# Data section
((

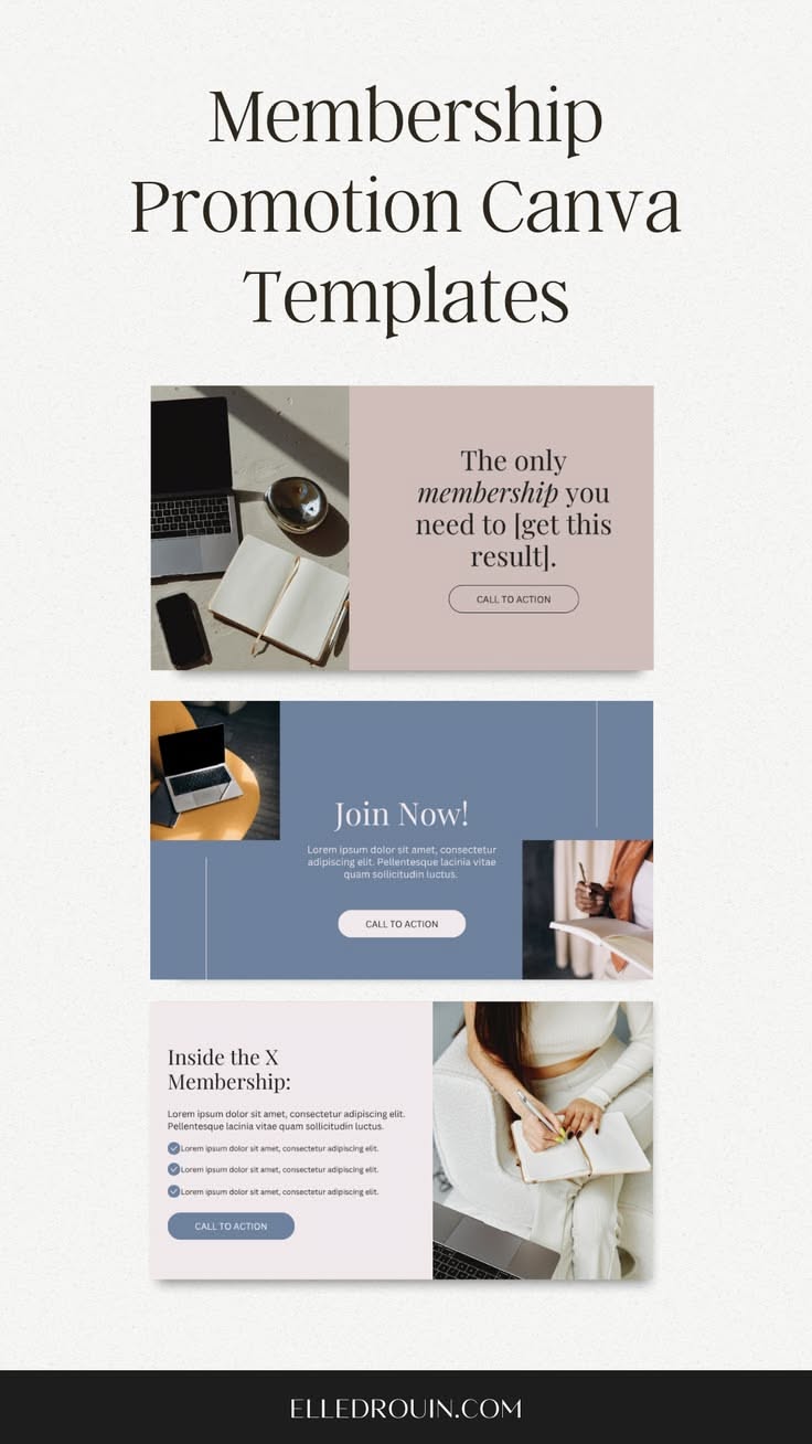 This set of templates exhibits a clean, minimalist aesthetic suitable for professional promotional content. The design relies heavily on soft neutral tones and simple typography to convey trustworthiness and clarity for membership services.
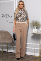 Брюки выполнены из вельвета. Прямые от бедра. Изделие на   поясе, со шлевками. Высокая посадка.   Функциональные карманы спереди. На задних половинках прорезные карманы-обманки.
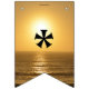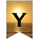 The holidays, special days and seasons of our lives help us mark and track the passage of time, collecting memories as we share traditions, time, food, music, gifts, and greeting cards with each other. Welcome in a new year at your New Year's Eve party with this bunting flags banner, which can be personalized with your own letters. (However, "Happy New Year" is ready to order.) Set against a shimmering golden Half Moon Bay Sunset. (Photography by Martie Hevia | Design by Blue Beach Song™)
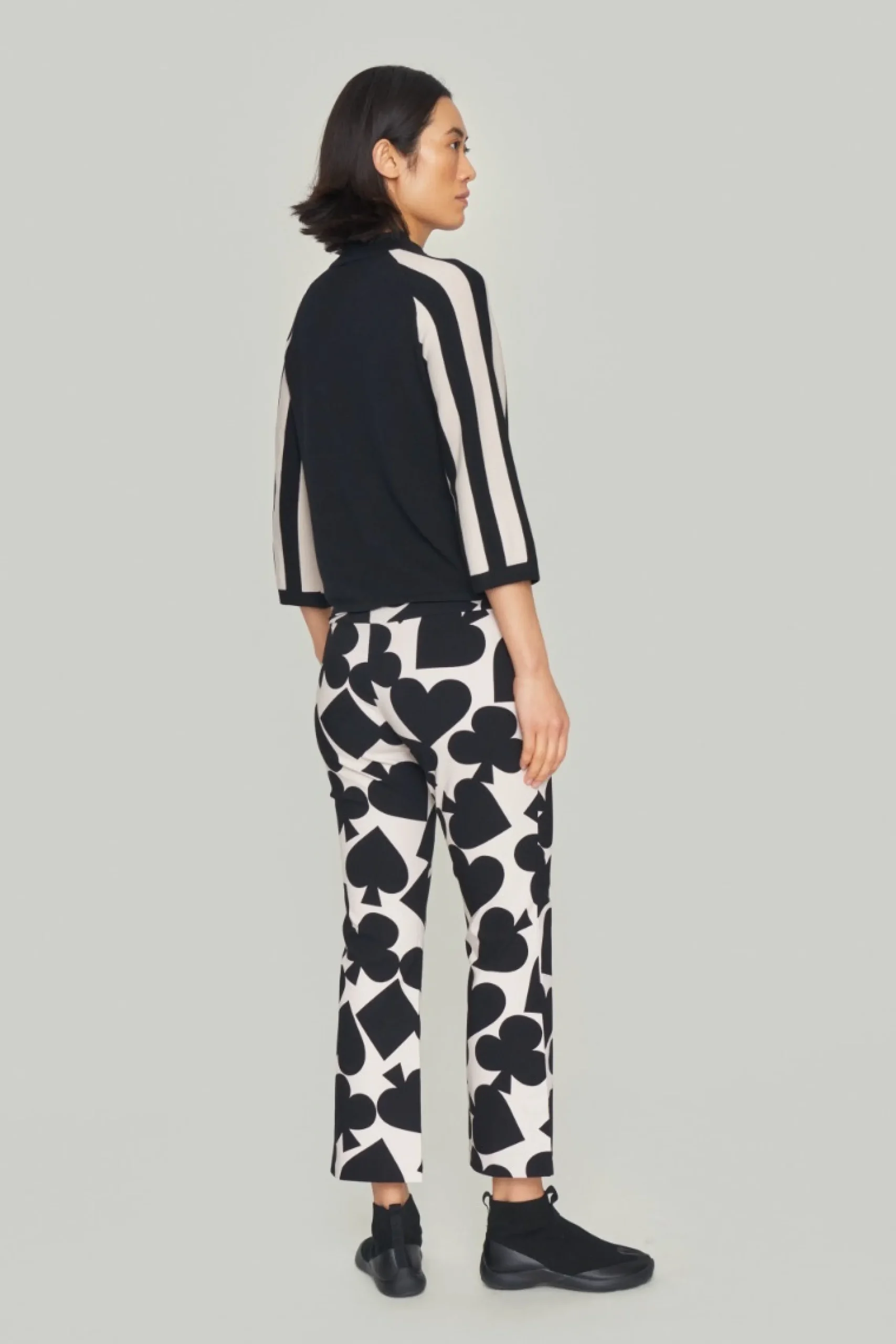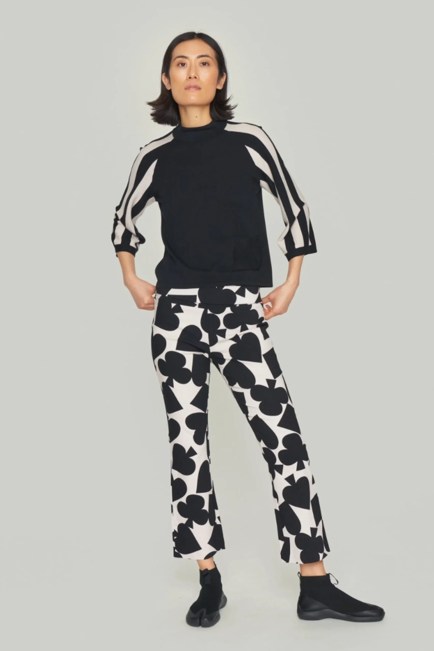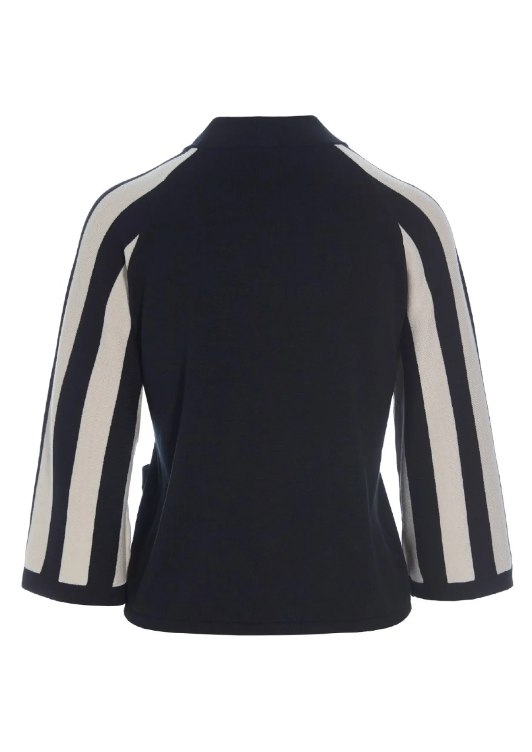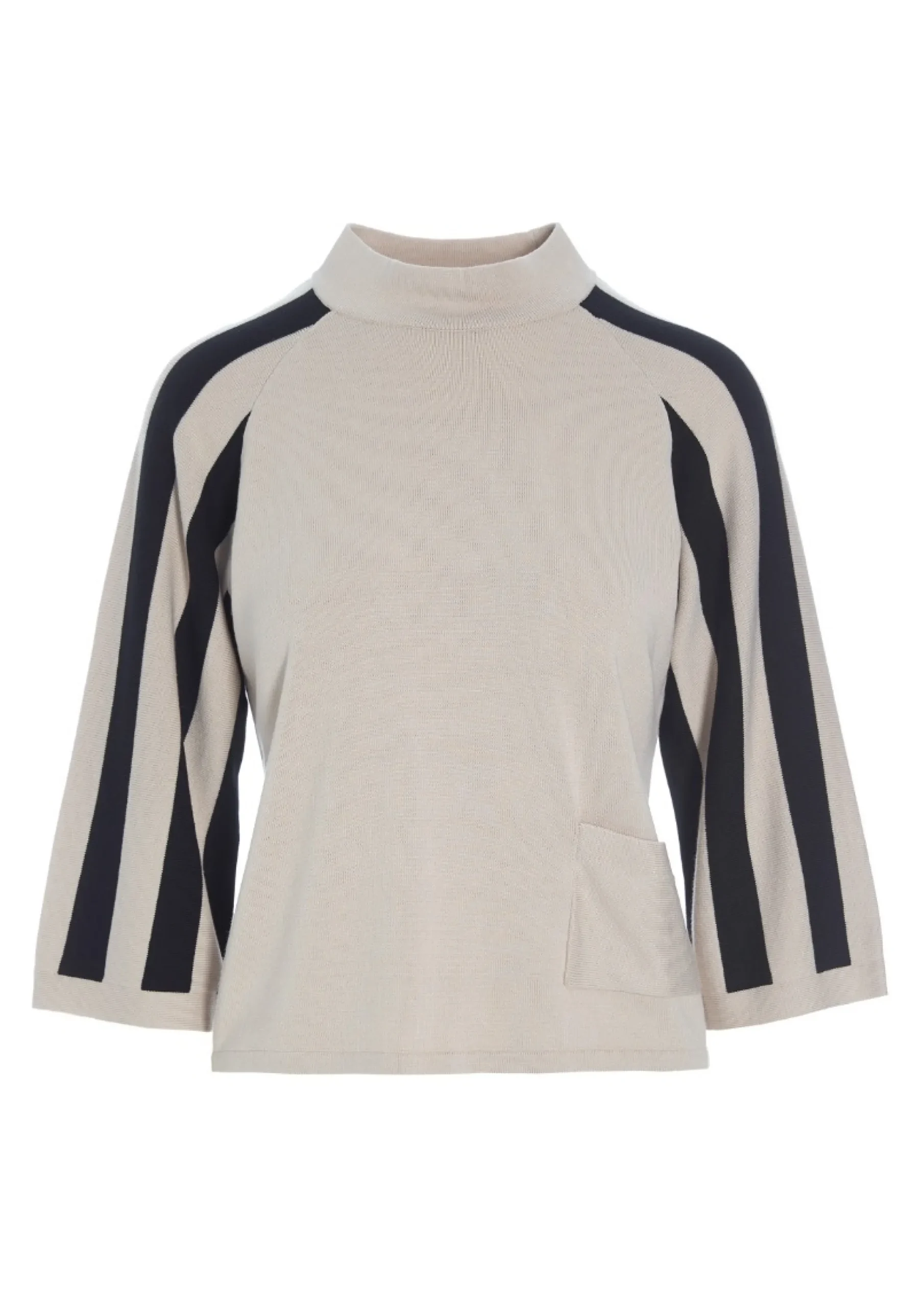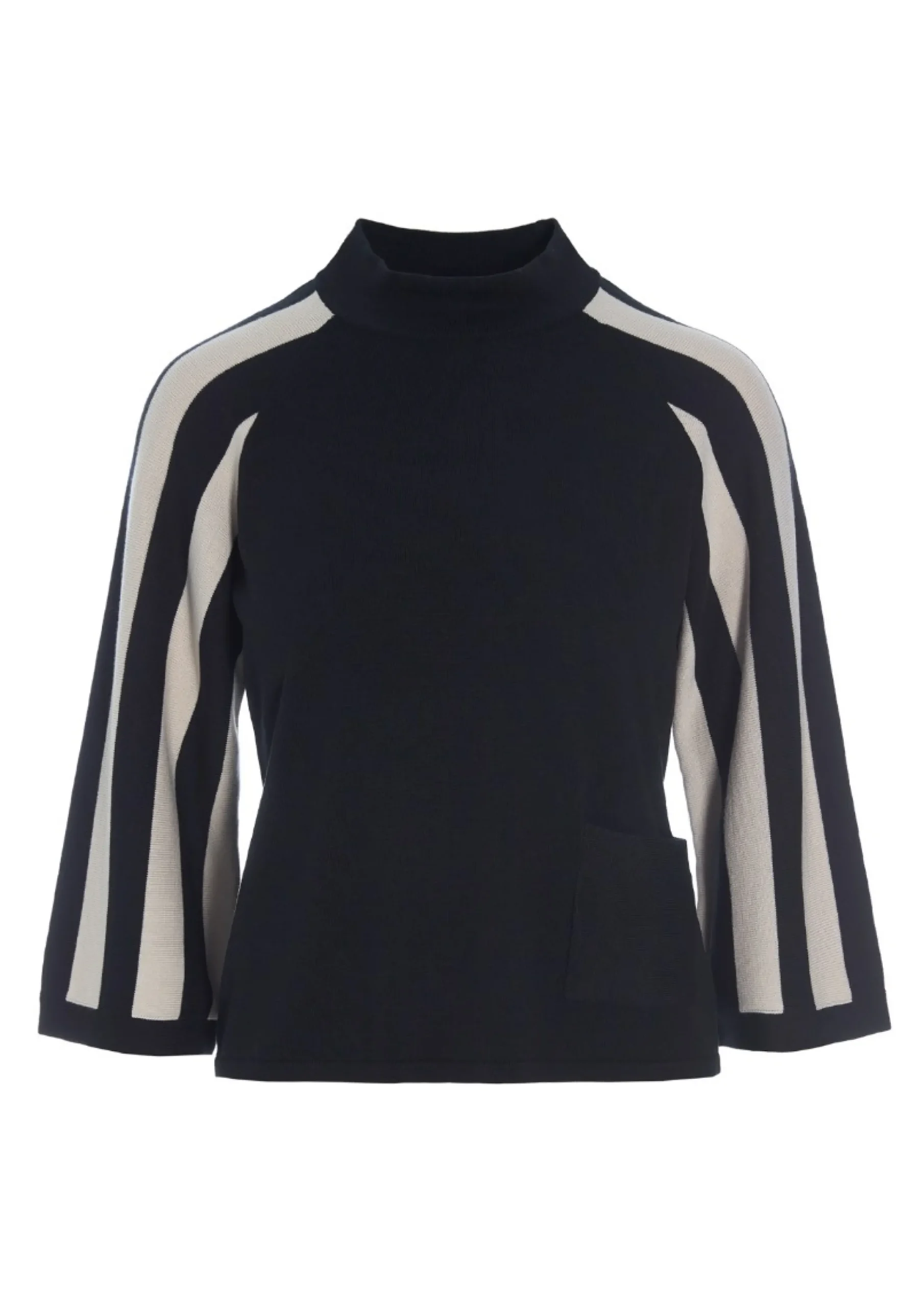 Højhalset bluse med striber på ærmerne, hvilket skaber en flot grafisk effekt. Den finstrikkede bluse er enkel i snittet og oplagt at bruge med herrebukser for et klassisk look. Eller sæt en feminin underdel til, som kan skabe kontrast til de stringente striber.Modellen på billede er 179 cm og iført str. SFuld længde i str. S, ca. 54 cm

))

Write out exactly and only the lines that run from the start of the data above through the line containing "Брюки выполнены из", leaving the pictures out.

 This set of templates exhibits a clean, minimalist aesthetic suitable for professional promotional content. The design relies heavily on soft neutral tones and simple typography to convey trustworthiness and clarity for membership services.
 Брюки выполнены из вельвета. Прямые от бедра. Изделие на   поясе, со шлевками. Высокая посадка.   Функциональные карманы спереди. На задних половинках прорезные карманы-обманки.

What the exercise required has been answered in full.